I met with a data scientist so that I might get a better understanding of what it actually means to teach code to learn. We sat in a cabin without internet, surrounded by stands of pine, eating french toast from a cast iron skillet: in short the least likely place to start a conversation with “does creating intelligence make you a god?” I did not ask this; at times I can possess shockingly normal levels of chill. Instead, I asked him to explain in digestible terms why he needs artificial intelligence. The idea behind learning programs in his line of work is simple: the amount of data and the ways in which it can be manipulated are sometimes so ugly that it’s easier to let a program learn from experience with that data, and to accept a certain margin of expected error, than to lose the immense time for a human to do the same thing perfectly.

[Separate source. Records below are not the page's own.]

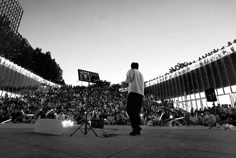 演出开始,下沉广场的台阶上,几百名观众坐得满满当当。没有占到座位的,有的站在围栏后观看,有的索性坐在广场空地上,在歌手前面围成一圈。
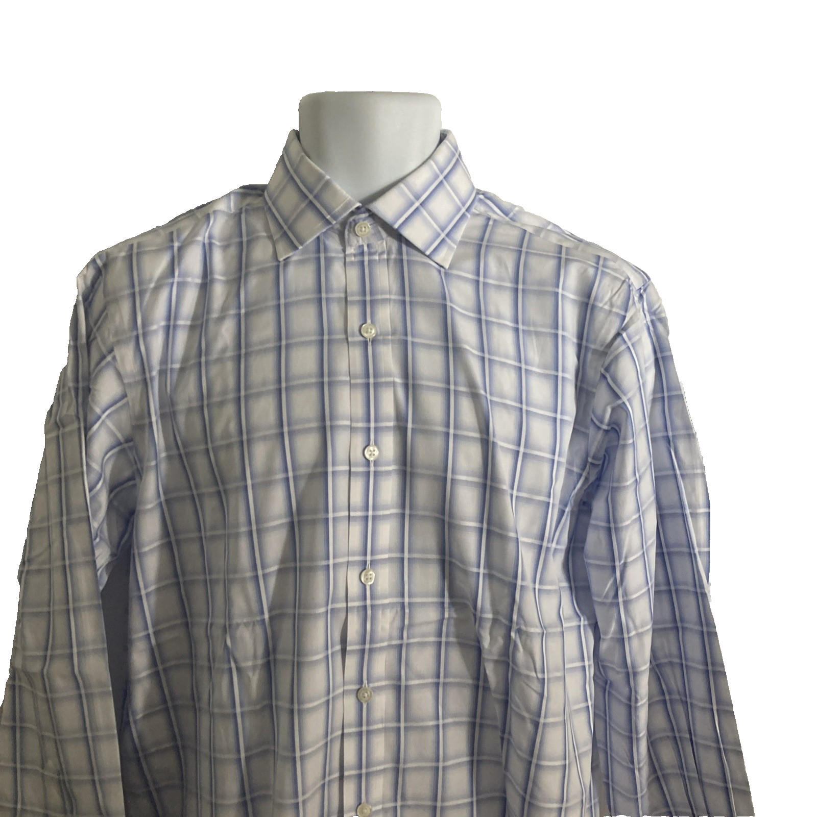 T. M. Lewin Lewin 100 Regular Fit Mens Dress Shirt 15.5 33 Blue White Plaid
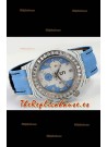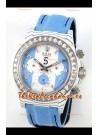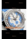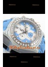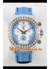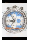 Dial Azul/Blanco. Tres Sub Diales Funcionales que funcionan en conjunto con la función de cronómetro, como en los originales. Sapphires Bezel

To illustrate better for me, he drew this example. The Post Office, as you might imagine, has access to an absurd amount of handwriting, a truly astronomical selection. The Post Office thinks, “if we can get a computer to read numbers, we can sort mail by zip code a thousand times faster.” So they give a programmer tens of thousands of handwritten digits, which the programmer splits into two halves: training and testing. Through the first part, a programmer says “this is what a seven looks like, this is how this arrangement of pixels translates to you as values,” since the computer doesn’t have a real visual component. After a while, the programmer might ask it to identify on its own. It can learn from being told its mistakes, over and over and over until the program has absorbed enough to test itself on the second set of data and see how well it did. It’s the teach a man to fish principle: by teaching the program to discover number imaging on its own rather than just giving it parameters, the brain has a better chance of accurate classification as a result of its catalog of successes and failures. In the beginning it looks like a dad setting up the fishing line for the child to cast, as the coder holds the code’s hand through one small, specific part of the task, but that brain is stronger and more capable having learned by doing and can build upon that task. These are the kinds of little problems scientists are giving to learning computers to solve. Mundane tasks and games with a learning element are very popular among scientists now, because they are extremely helpful and time-saving to humans but also ever-so-slowly nudge forward the study and efficiency of learning on the whole.
I address envelopes more meaningfully with this in mind, and regret that phase in grammar school when I put different smiley faces in all my zeros. I wonder if there is a line of frustrated code for deciphering them, one of millions, just for me. I formally apologize, technology. I couldn’t have known.